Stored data
------------------------------------------------------------------------

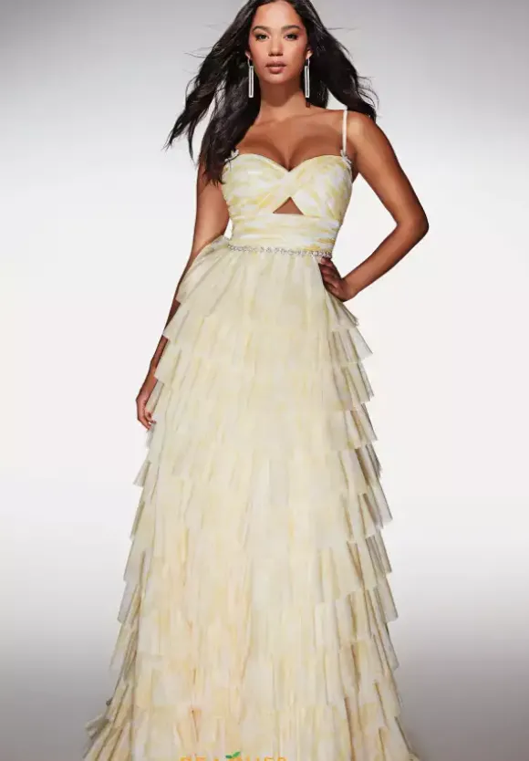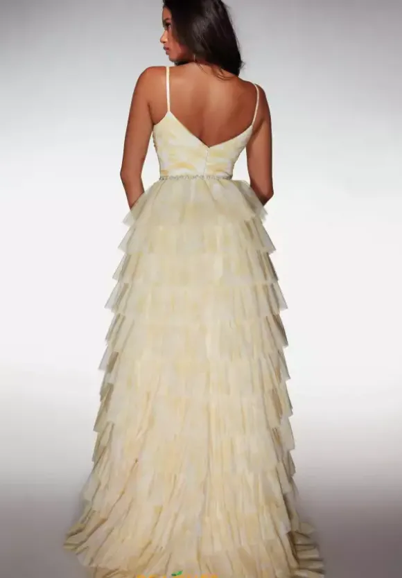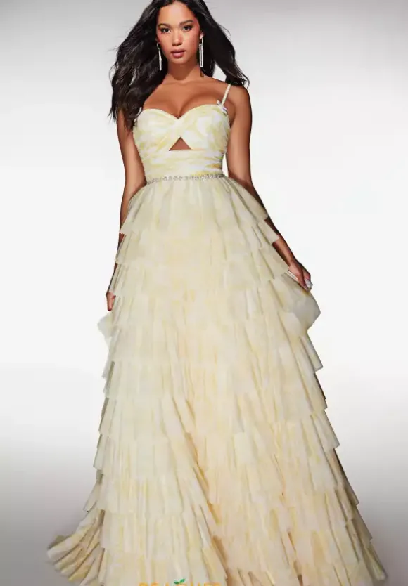 Turn heads at prom in this eye catching Alcye Paris long dress style 62018 made in printed soft mesh shades. The phenomenal dress features a fitted bodice with front cut out with a sweetheart neckline, spaghetti straps, pearl beaded waist embellishments and low back. The long a line skirt has ruffle tier layers for fullness and a back sweep train.
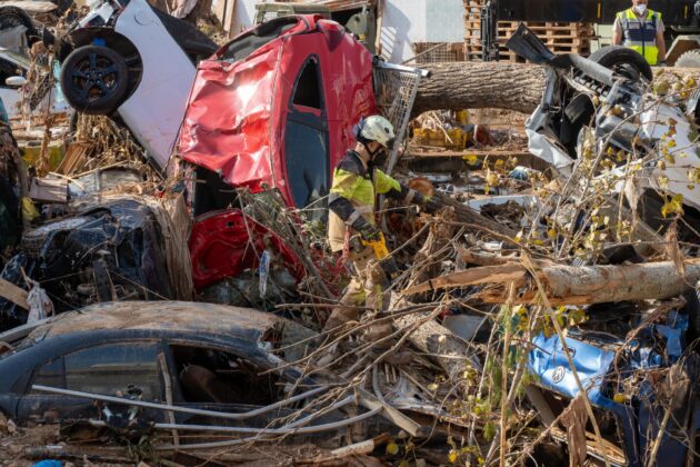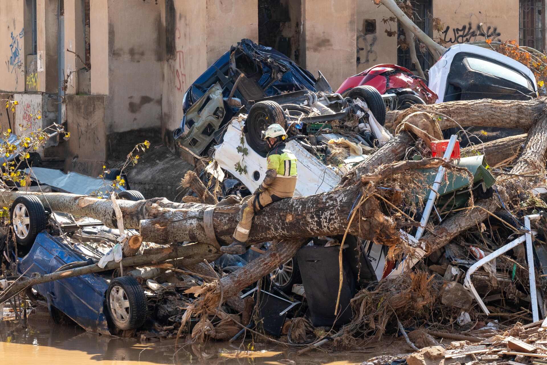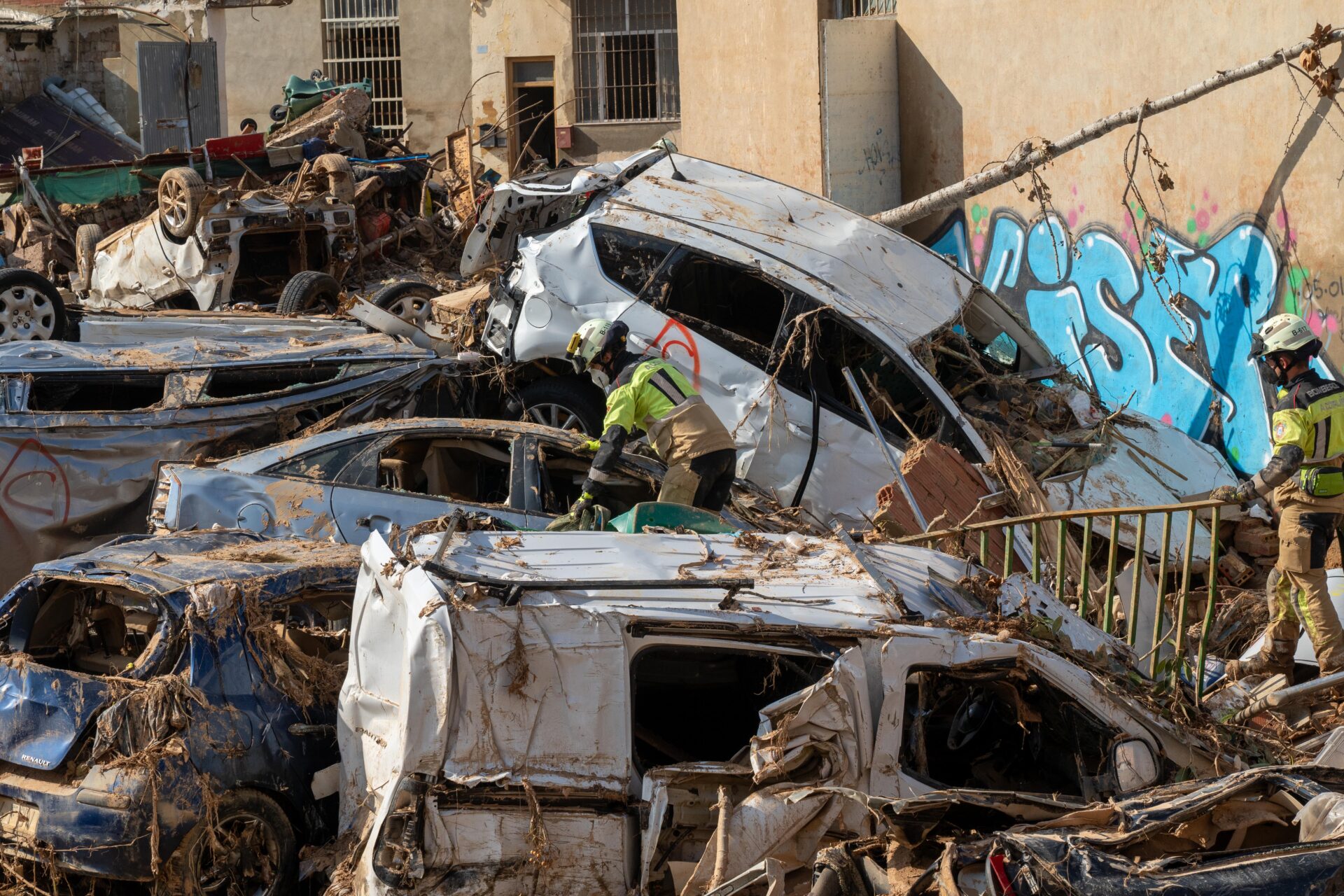 Un equipo de Ical se dirige hacia allí. Es necesario caminar casi ocho kilómetros, envueltos en botas de goma y con cinta alrededor de las rodillas para evitar empaparse los pies. No se distinguen las aceras de las calzadas y solo una silla de un bar, una sombrilla o una mesa advierten de la existencia de alcantarillas abiertas para dejar fluir el agua retirada. De repente, coches en una ‘rambleta’, en Catarroja, arrastrados por la riada, que en algunos puntos, aparte de altura, tomó una velocidad endiablada. Alberto, espera a distancia, con pantalón corto y botas, a que una grúa y los bomberos de La Coruña, extraigan su coche, que irá directo al desguace: “El coche estaba aparcado a un kilómetro de aquí. Imagina cómo ha llegado hasta aquí”. Junto a su hijo pequeño, se pudo salvar por unos pocos minutos.
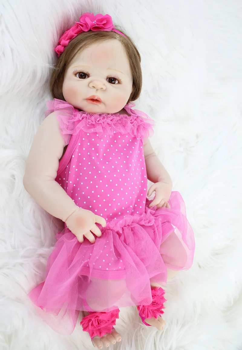 Lovely 22\ Full Silicone Reborn Baby Princess Girl Lifelike 55cm Vinyl Bebe Newborn Toddler Dolls Waterproof Body Rooted Hair
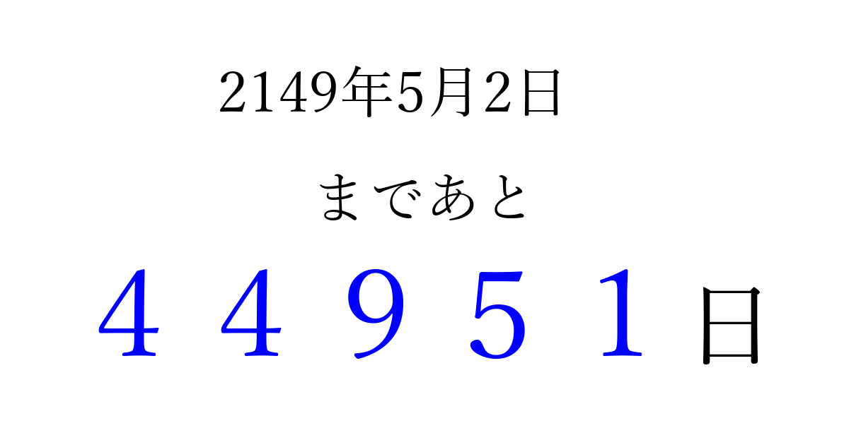2149年5月2日(金)まで あと 99999 日です 追加すると、トップページからすぐ選べるようになります ※2026/04/06現在の結果です。 最新の状態に更新する ↓シェアして、タイムライン上にカウントダウンを表示しよう!↓ 📤 この結果を共有する Tweet シェア Threads Bluesky 別の日付でカウントダウン 2149年5月のカレンダー このページをブックマークに追加すると、いつでもカウントダウンを確認できます。 (PC: Ctrl+D / Mac: ⌘+D) hitome-notes.comでは以下のページも運営しています。 指定日と期間から日付を計算 | ガチャ確率計算・シミュレーション | プライバシー・ポリシー 運営者:Avocado
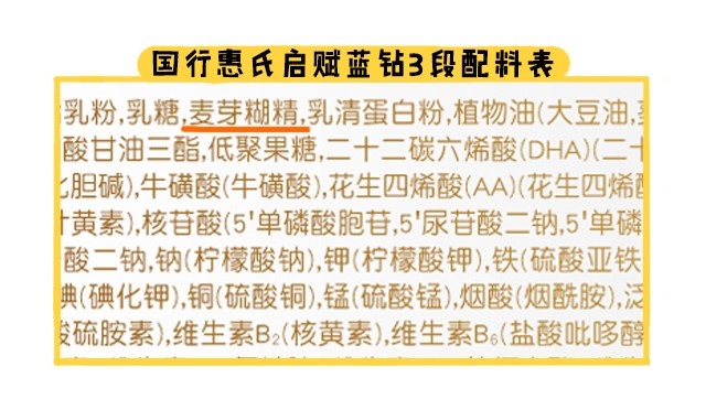 此外,啟賦藍鉆3段還添加了麥芽糊精,麥芽糊精是很好吸收的碳水化合物,

------------------------------------------------------------------------

■ **What you need to do**: Nothing but the lines from the one containing "2149年5月2日(金)まで あと 99999" through the final line of the entries above should be given again, each exactly as written; omit the pictures.

■ **Answer to the problem**:
2149年5月2日(金)まで あと 99999 日です 追加すると、トップページからすぐ選べるようになります ※2026/04/06現在の結果です。 最新の状態に更新する ↓シェアして、タイムライン上にカウントダウンを表示しよう!↓ 📤 この結果を共有する Tweet シェア Threads Bluesky 別の日付でカウントダウン 2149年5月のカレンダー このページをブックマークに追加すると、いつでもカウントダウンを確認できます。 (PC: Ctrl+D / Mac: ⌘+D) hitome-notes.comでは以下のページも運営しています。 指定日と期間から日付を計算 | ガチャ確率計算・シミュレーション | プライバシー・ポリシー 運営者:Avocado
 此外,啟賦藍鉆3段還添加了麥芽糊精,麥芽糊精是很好吸收的碳水化合物,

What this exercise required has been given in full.